Both EXPORT-KEYBAG handlers refuse with a clear message when no authenticated session / derived BSP snapshot is available.

Keybag JSON schema

{
  "format": "yggdrasim-hil-keybag/v1",
  "entries": [
    {
      "label": "case-1234",
      "protocol": "SCP03",
      "aid_hex": "A000000151000000",
      "s_enc_hex": "...32 hex chars...",
      "s_mac_hex": "...32 hex chars...",
      "s_rmac_hex": "...32 hex chars...",
      "ssc_hex": "0000000000000000",
      "chaining_value_hex": "",
      "block_nr": 0
    }
  ]
}

Keys:

  • format must be yggdrasim-hil-keybag/v1.
  • entries is a list; multiple SCP03 / SCP11c sessions can coexist in a single file.
  • protocol is "SCP03" or "SCP11c"; the TUI uses it to decide which crypto path to drive.
  • s_enc_hex / s_mac_hex / s_rmac_hex are the session keys (SCP03 naming; SCP11c fills S-RMAC with empty string).
  • ssc_hex / chaining_value_hex / block_nr capture the state the replay engine needs to mirror the on-card counters at the moment of export.
  • aid_hex binds the entry to the SELECT AID that preceded the secure channel on capture time, so multiple sessions against the same card are disambiguated.
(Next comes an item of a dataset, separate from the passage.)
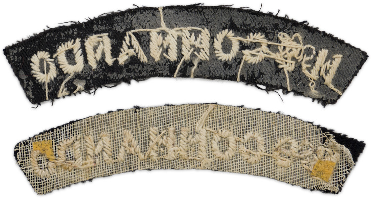 PHYSICAL DESCRIPTION: A pair of arch shaped, black wool flash, with the text "No 9 Commando" machine embroidered in white. They appear to have been removed from a uniform.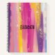 A personalised spiral notebook with an abstract background design. Vibrant stripes in both bold and pastel colours. Pinks, blues, purples and yellow colours combined with faux gold sparkly glitter layered over top.

Write a keybag with EXPORT-KEYBAG / --dump-keybag or by hand; the schema is stable across v1.

Pitfalls

  • A second PC/SC client cannot open the same reader while the bridge owns it. Close other shells first, or go through the relay side-channel.
  • USB presence alone is not readiness. Wait until the relay advertises status: ok and a non-empty atr.
  • Restarting only the bridge without the supervisor can leave osmo-remsim-client-st2 orphaned. Use the supervisor for normal lifecycle.
  • A flashed firmware mismatch on the SIMtrace2 will let the supervisor enumerate the USB device, but the relay will never come up. Check the remsim-client logs.
  • Offline review mode trusts the capture's ATR / SELECT context. If the keybag entry's aid_hex does not match the AID in the capture the corresponding APDUs simply stay wrapped.
  • SCP11.live --dump-keybag is intentionally a stub — the keys never leave the card in live mode. Use SCP11.local_access or SCP03 for real exports.

AT+CSIM / AT+CRSM transcoder

Tools/HilBridge/at_simlink.py (3GPP TS 27.007 §8.17 / §8.18) is a transport-agnostic transcoder that turns AT+CSIM=... and AT+CRSM=... request lines into raw ISO 7816 APDUs and stringifies the responses back into +CSIM: / +CRSM: reply lines. Use it when an AT-controlled modem must exercise the simulator or a SIMtrace2-bridged card without a direct PC/SC handle:

Request shape Decoded APDU
AT+CSIM=<length>,"<hex>" raw CLA INS P1 P2 P3 …
AT+CRSM=<command>,<fileid>,<P1>,<P2>,<P3>[,"<data>"][,"<path>"] CLA=0x00, INS from the §8.18 command table

Common modem REFRESH and AT-only flows can therefore be replayed through the same simulator backend the SCP shells use, with no host PC/SC involvement on the modem side.

Optional systemd --user service

guides/systemd/yggdrasim-hil-supervisor.service.example ships as a starting point when the supervisor should be launched on demand under user service control.